EXERCISE:
The result should be the lines from the one holding "- 1,100 Sheets/Roll;" to the final line of the records, retyped exactly.

━━━━━ GIVEN DATA

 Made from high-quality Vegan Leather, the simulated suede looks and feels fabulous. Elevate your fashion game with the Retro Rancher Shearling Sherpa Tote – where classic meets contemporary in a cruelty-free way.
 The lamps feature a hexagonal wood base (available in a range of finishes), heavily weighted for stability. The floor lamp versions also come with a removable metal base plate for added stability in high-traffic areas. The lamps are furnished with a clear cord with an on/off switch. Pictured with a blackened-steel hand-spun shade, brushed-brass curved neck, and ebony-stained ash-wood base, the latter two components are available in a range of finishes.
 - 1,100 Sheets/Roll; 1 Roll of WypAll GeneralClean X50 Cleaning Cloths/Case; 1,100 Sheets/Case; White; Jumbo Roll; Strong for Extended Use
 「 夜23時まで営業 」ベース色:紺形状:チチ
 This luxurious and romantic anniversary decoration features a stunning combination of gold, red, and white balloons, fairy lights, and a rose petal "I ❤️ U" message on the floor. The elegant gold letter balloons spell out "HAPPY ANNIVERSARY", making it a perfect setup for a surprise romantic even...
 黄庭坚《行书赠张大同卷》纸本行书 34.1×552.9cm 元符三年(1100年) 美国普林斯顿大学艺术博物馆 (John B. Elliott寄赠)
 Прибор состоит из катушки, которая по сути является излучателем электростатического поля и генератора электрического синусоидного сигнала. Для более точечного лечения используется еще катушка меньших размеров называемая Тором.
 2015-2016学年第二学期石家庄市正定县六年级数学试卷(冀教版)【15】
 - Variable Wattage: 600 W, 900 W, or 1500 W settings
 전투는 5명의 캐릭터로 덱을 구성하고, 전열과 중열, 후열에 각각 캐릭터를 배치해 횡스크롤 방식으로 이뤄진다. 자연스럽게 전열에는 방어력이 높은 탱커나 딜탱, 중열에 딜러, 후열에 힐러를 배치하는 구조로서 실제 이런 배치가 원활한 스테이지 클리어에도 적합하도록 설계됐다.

━━━━━━━━━━

EXPECTED OUTPUT:
 - 1,100 Sheets/Roll; 1 Roll of WypAll GeneralClean X50 Cleaning Cloths/Case; 1,100 Sheets/Case; White; Jumbo Roll; Strong for Extended Use
 「 夜23時まで営業 」ベース色:紺形状:チチ
 This luxurious and romantic anniversary decoration features a stunning combination of gold, red, and white balloons, fairy lights, and a rose petal "I ❤️ U" message on the floor. The elegant gold letter balloons spell out "HAPPY ANNIVERSARY", making it a perfect setup for a surprise romantic even...
 黄庭坚《行书赠张大同卷》纸本行书 34.1×552.9cm 元符三年(1100年) 美国普林斯顿大学艺术博物馆 (John B. Elliott寄赠)
 Прибор состоит из катушки, которая по сути является излучателем электростатического поля и генератора электрического синусоидного сигнала. Для более точечного лечения используется еще катушка меньших размеров называемая Тором.
 2015-2016学年第二学期石家庄市正定县六年级数学试卷(冀教版)【15】
 - Variable Wattage: 600 W, 900 W, or 1500 W settings
 전투는 5명의 캐릭터로 덱을 구성하고, 전열과 중열, 후열에 각각 캐릭터를 배치해 횡스크롤 방식으로 이뤄진다. 자연스럽게 전열에는 방어력이 높은 탱커나 딜탱, 중열에 딜러, 후열에 힐러를 배치하는 구조로서 실제 이런 배치가 원활한 스테이지 클리어에도 적합하도록 설계됐다.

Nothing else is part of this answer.